In August of 2017, I started on another new biological drug to try and get some relief but it took 8 months for the drug to start showing some minor improvements. I was happy with any little win I could get small or large. I was starting to think maybe just maybe I won’t be bed ridden for the rest of my life.
So in March last year I needed my third major surgery, a medical tummy tuck (very different to a cosmetic one let me tell you), two hernia repairs and a slight resighting of my ileostomy so four major surgeries in one really. Leading up to this surgery I told my pain specialist I’m done, get me off all the meds and let’s see what happens, I’m in chronic pain on all the drugs so enough let’s see what happens if I detox off everything except my new biologic drug that was starting to help. So that’s what we did. Surgery was successful and recovery was crap but I got there. The best thing was I was not off my face on hard core drugs and wasn’t asleep for 20 of 24 hours.
As time passed about 6 months I was doing pretty good, recovery was coming to an end and I was thinking what the hell am I going to do now. I can’t sit all day everyday doing nothing. That’s when Ostomy Support Bears was born 28th January 2019.
It gave me a purpose again and thought a small initiative (initially only supposed to be in Perth, Australia) would be great for me.
Now look where we are! One year in, 1200+ bears all over the world putting smiles on faces, raising awareness and reducing the stigma attached to having a bag for children and adults.

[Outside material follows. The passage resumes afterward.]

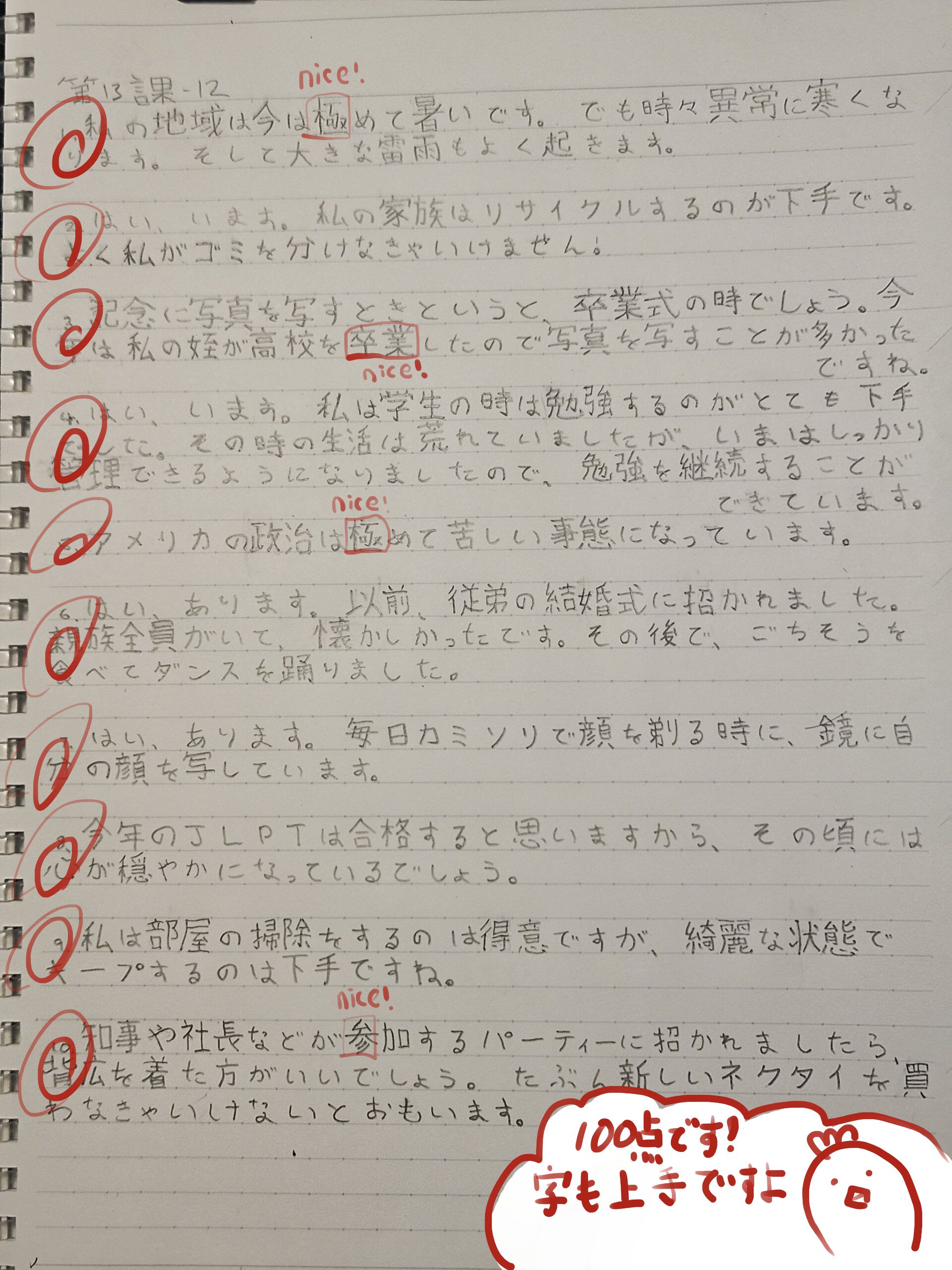 Hitomi Meyer Profile Topics Started Replies Created Engagements Favorites Search replies: Forum Replies Created Log In Register Lost Password Viewing 15 posts - 1 through 15 (of 1,073 total) 1 2 3 … 70 71 72 → Author Posts October 1, 2025 at 10:50 pm in reply to: 中級の日本語 (第13課-13) #4604 Hitomi MeyerKeymaster Replies viewable by members only Attachments: Jim-san-第13課-13.mp3 October 1, 2025 at 9:37 pm in reply to: 中級の日本語 (第13課-14) #4599 Hitomi MeyerKeymaster Replies viewable by members only This reply was modified 4 days, 8 hours ago by Hitomi Meyer. This reply was modified 4 days, 8 hours ago by Hitomi Meyer. This reply was modified 4 days, 8 hours ago by Hitomi Meyer. September 29, 2025 at 7:16 am in reply to: 中級の日本語 (第13課-13) Handwriting Homework #4594 Hitomi MeyerKeymaster Replies viewable by members only September 28, 2025 at 12:41 am in reply to: 中級の日本語 (第13課-13) Handwriting Homework #4590 Hitomi MeyerKeymaster Replies viewable by members only Attachments:13-13hw-scaled-1.jpg September 27, 2025 at 10:09 pm in reply to: 中級の日本語 (第13課-13) #4589 Hitomi MeyerKeymaster Replies viewable by members only September 25, 2025 at 8:14 pm in reply to: 中級の日本語 (第13課-13) #4575 Hitomi MeyerKeymaster Replies viewable by members only September 25, 2025 at 7:13 am in reply to: 中級の日本語 (第13課-13) #4573 Hitomi MeyerKeymaster Replies viewable by members only September 25, 2025 at 4:09 am in reply to: 今月の文化 2025年8月 山の日 #4572 Hitomi MeyerKeymaster なるほど。アメリカの山は高い山が多いんですね。それは登るのが大変そうですね。 日本の山は小さい物もありますから登りやすいそうですよ。 September 4, 2025 at 7:30 am in reply to: 中級の日本語 (第13課-13) #4560 Hitomi MeyerKeymaster Replies viewable by members only This reply was modified 1 month ago by Hitomi Meyer. This reply was modified 1 month ago by Hitomi Meyer. September 4, 2025 at 7:28 am in reply to: 中級の日本語 (第13課-12) #4557 Hitomi MeyerKeymaster Replies viewable by members only Attachments: Jim-san-第13課-12.mp3 August 28, 2025 at 8:14 am in reply to: 中級の日本語 (第13課-12) Handwriting Homework #4544 Hitomi MeyerKeymaster Replies viewable by members only Attachments:13-12-scaled-1.jpg August 26, 2025 at 8:23 am in reply to: 今月の文化 2025年7月 そうめん #4541 Hitomi MeyerKeymaster 最近はアメリカも物価が高くて大変そうですね。いつか世界中の人たちがのんびり旅行ができるようになるといいですね。 August 22, 2025 at 8:04 pm in reply to: 中級の日本語 (第13課-12) #4538 Hitomi MeyerKeymaster Replies viewable by members only August 21, 2025 at 7:43 am in reply to: 今月の文化 2025年7月 そうめん #4536 Hitomi MeyerKeymaster 韓国の冷麺もおいしいですね。Hマートで買ったことがあります。 おいしい素麺をアメリカで探すのは難しいかもしれませんよ。日本に来たら是非素麺を食べて見て下さい。 August 21, 2025 at 7:42 am in reply to: 中級の日本語 (第13課-12) #4535 Hitomi MeyerKeymaster Replies viewable by members only Author Posts Log In Register Lost Password Viewing 15 posts - 1 through 15 (of 1,073 total) 1 2 3 … 70 71 72 →

Educating people and getting it out there it’s not so bad having a bag.
Yes I still have all my health problems they aren’t going away but neither am I. I was also in the last few weeks diagnosed with osteoarthritis in many parts of my body which wasn’t exactly what you want to hear at only 45 years old. But what was I going to do, give up now….no no no I don’t think so. So we have just added it to my very impressive medical resume.

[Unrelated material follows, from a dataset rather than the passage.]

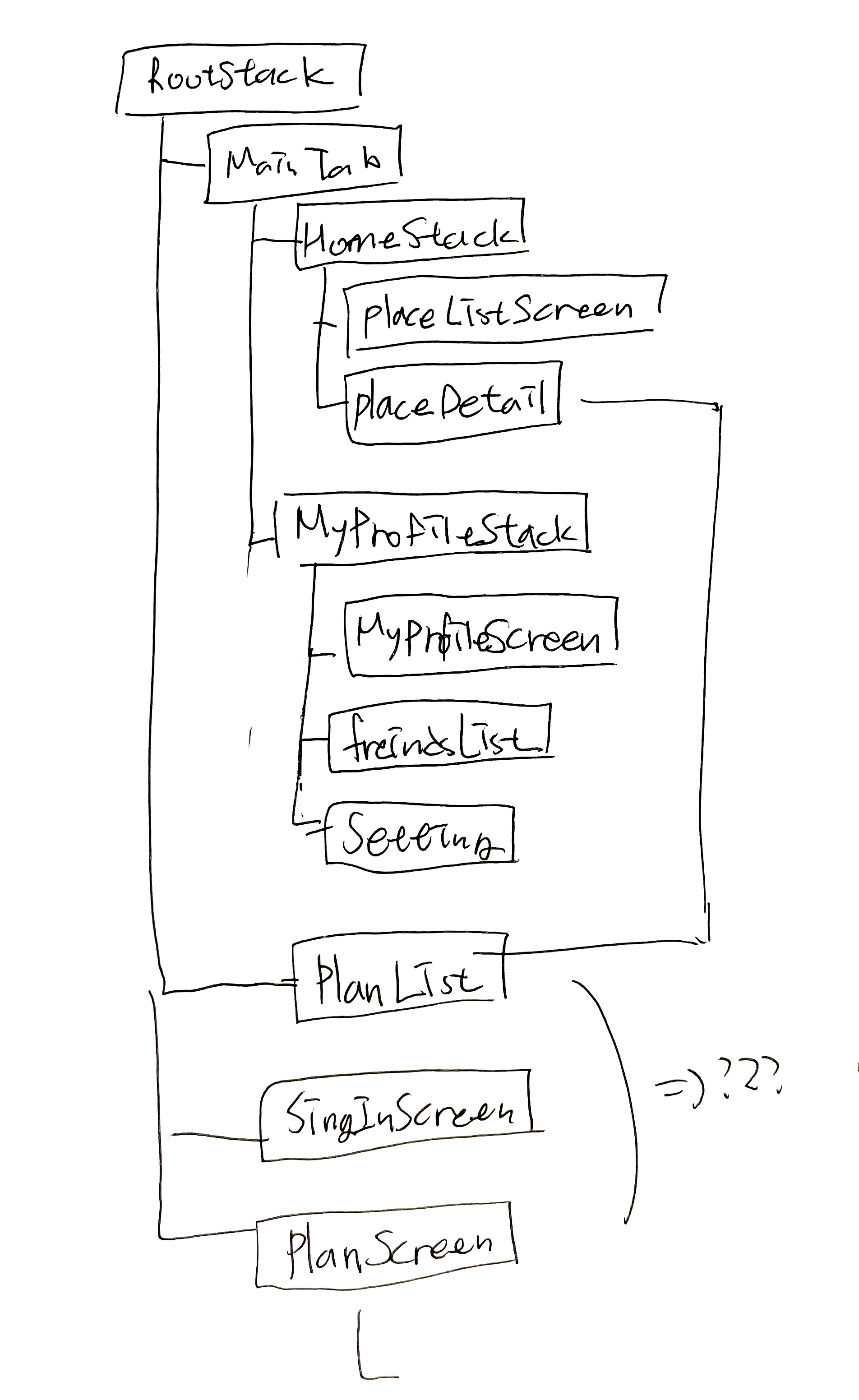 (아, 여행 계획 부분은 따로 빼는 방향으로 바뀌어서 매인 탭에 여행지 목록과 프로필 스택만 들어간다.)

I’m so proud of what I’ve achieved and accomplished in the past 28 years but this initiative is my greatest achievement, besides staying alive for the past 28 years. I’m doing something so important in so many ways it’s given me a purpose again.
It’s giving people hope that having a bag isn’t the end of your life, it’s just a bag…..who cares.

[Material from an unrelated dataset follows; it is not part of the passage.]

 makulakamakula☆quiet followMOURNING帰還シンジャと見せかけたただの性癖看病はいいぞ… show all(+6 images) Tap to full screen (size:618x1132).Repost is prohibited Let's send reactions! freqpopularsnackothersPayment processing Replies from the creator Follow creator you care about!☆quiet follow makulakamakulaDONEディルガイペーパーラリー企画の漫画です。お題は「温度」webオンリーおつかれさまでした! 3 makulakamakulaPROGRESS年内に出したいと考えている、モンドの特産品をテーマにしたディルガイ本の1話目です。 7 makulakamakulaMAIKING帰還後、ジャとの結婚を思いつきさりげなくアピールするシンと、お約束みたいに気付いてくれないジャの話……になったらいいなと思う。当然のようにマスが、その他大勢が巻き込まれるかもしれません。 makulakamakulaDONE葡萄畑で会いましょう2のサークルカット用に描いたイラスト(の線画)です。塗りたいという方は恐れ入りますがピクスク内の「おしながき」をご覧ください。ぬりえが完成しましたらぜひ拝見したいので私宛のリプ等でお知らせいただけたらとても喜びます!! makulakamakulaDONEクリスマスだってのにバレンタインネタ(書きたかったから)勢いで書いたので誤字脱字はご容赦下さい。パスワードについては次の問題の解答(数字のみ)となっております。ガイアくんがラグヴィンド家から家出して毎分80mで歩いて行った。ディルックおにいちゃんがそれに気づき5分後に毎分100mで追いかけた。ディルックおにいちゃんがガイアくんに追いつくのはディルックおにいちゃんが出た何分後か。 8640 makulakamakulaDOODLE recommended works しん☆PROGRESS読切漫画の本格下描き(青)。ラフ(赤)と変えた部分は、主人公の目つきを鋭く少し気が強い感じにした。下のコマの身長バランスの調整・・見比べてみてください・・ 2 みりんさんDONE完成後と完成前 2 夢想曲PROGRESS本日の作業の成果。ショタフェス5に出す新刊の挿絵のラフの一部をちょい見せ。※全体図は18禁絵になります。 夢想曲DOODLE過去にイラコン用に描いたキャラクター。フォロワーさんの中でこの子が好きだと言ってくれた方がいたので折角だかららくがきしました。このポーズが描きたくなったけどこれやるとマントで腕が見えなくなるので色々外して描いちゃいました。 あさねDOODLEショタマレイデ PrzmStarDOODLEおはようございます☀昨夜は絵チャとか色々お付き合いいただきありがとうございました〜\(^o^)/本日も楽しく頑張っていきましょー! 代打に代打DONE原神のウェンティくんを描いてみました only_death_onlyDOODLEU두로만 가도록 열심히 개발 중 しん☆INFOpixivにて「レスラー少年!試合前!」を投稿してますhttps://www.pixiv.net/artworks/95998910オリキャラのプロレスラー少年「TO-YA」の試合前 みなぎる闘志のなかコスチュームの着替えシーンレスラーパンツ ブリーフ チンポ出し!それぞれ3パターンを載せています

Nothing to be ashamed of nothing to be embarrassed about and these little bears are just continuing to do good all over the world. It’s a win-win for everyone. How can you beat that?
Just to finish up this journey I’ve been on for more than half my life and the journey ahead is looking a little brighter one bear at a time.
If you have any questions at all please ask. I’m an open book and happy to answer anything at all personal questions, bear questions, Crohn’s, depression, fibromyalgia, ileostomy or life questions if I can answer I will do so.
Hopefully you now understand a little more about why this initiative is so extra special not just for those receiving but myself as well.